John ist Sohn eines
Predigers und als solcher mit Küsterdiensten beauftragt. Allerdings
hadert er mit dem Glauben, den seine Familie ihm vorlebt und der auf
intensiver Gotteserfahrung fußt. Seine Erfahrung ist eine andere,
als er zur Vorbereitung des abendlichen Gottesdienstes den
Kirchenraum betritt:
Licht ins Dunkel. St. Johann Baptist, Jena, 2015. |
"Um sechs schloss
John mit dem Schlüssel seines Vaters die Tür zur Kirche auf. Die
Gebetsversammlung fing eigentlich um acht an, konnte aber jederzeit
beginnen, wann immer der Herr ein Gemeindemitglied zum Beten in die
Kirche schickte.
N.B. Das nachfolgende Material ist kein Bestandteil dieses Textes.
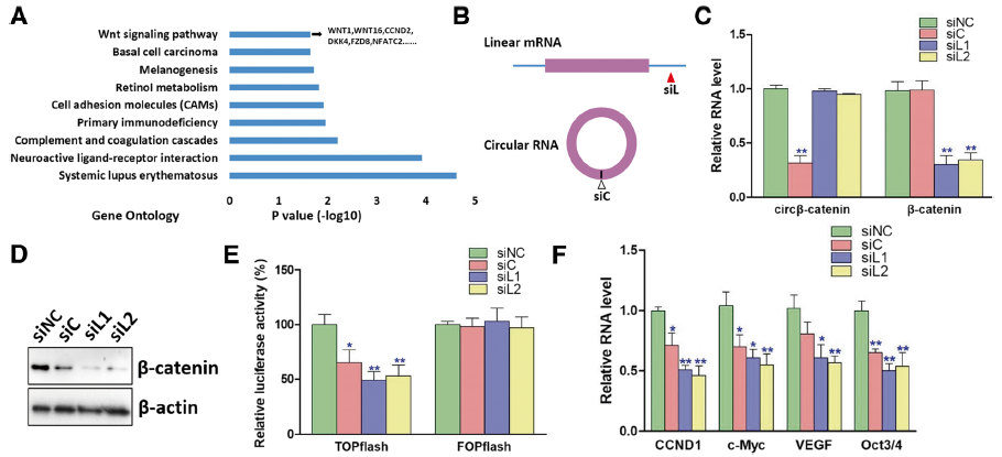 经生信分析和qRT-PCR验证,敲低circβ-catenin表达影响到的基因主要参与Wnt/β-catenin信号通路。敲低circβ-catenin表达可影响circβ-catenin表达和β-catenin蛋白水平,而不影响β-catenin mRNA水平,提示circβ-catenin可能调控β-catenin转录后翻译或者降解的过程。荧光素酶报告基因实验证明,与敲低β-catenin mRNA表达的结果一致,敲低circβ-catenin表达可以抑制β-catenin的结合作用。同时敲低β-catenin或者circβ-catenin表达均可抑制β-catenin靶基因的表达,提示circβ-catenin调控β-catenin表达,进而影响β-catenin靶基因的表达。

Nur selten allerdings kam jemand vor halb neun, der
Geist des Herrn war so nachsichtig, den Gläubigen Zeit zu lassen für
ihre Samstagabendeinkäufe und ihren Hausputz und die Kinder, die sie
ins Bett bringen mussten.
John machte die Tür
hinter sich zu und stand in dem schmalen Mittelgang; hinter sich
hörte er die Stimmen spielender Kinder und gröbere Stimmen, die von
Erwachsenen, die auf der Straße schimpften und riefen. Es war dunkel
in der Kirche, auf der belebten Avenue waren um ihn herum die
Straßenlaternen angesprungen und das Tageslicht war verschwunden. Er
stand wie angewurzelt auf den Holzdielen, seine Beine wollten ihn
keinen Schritt weitertragen. Dunkelheit und Stille der Kirche
bedrängten ihn, kalt wie Gottes Gericht, und die lauten Stimmen vor
dem Fenster hätten ebenso gut aus einer anderen Welt hereinrufen
können."1
John ist in einem
Zwischenraum:
Er ist angekommen, aber
weitergehen will er nicht.
Alles ist ihm gut bekannt,
bleibt aber trotzdem fremd.
Die Pflicht ruft, aber die
Gefühle streiken.
Wenn wir nun an der
Schwelle zu Weihnachten stehen, ist für uns die Zeit herangekommen;
ganz egal, ob wir Lust darauf haben oder nicht, Weihnachten kommt.
Ob wir auch innerlich
ankommen, bleibt offen.
Heute bete ich darum, an
Weihnachten bereit zu sein für Gottes Kommen.
Mehr zu dem geistreichen
Buch von James Baldwin findet sich hier.
1 J.
Baldwin, Von dieser Welt. Neuübersetzung, München 2018 (Original
1953), 78f.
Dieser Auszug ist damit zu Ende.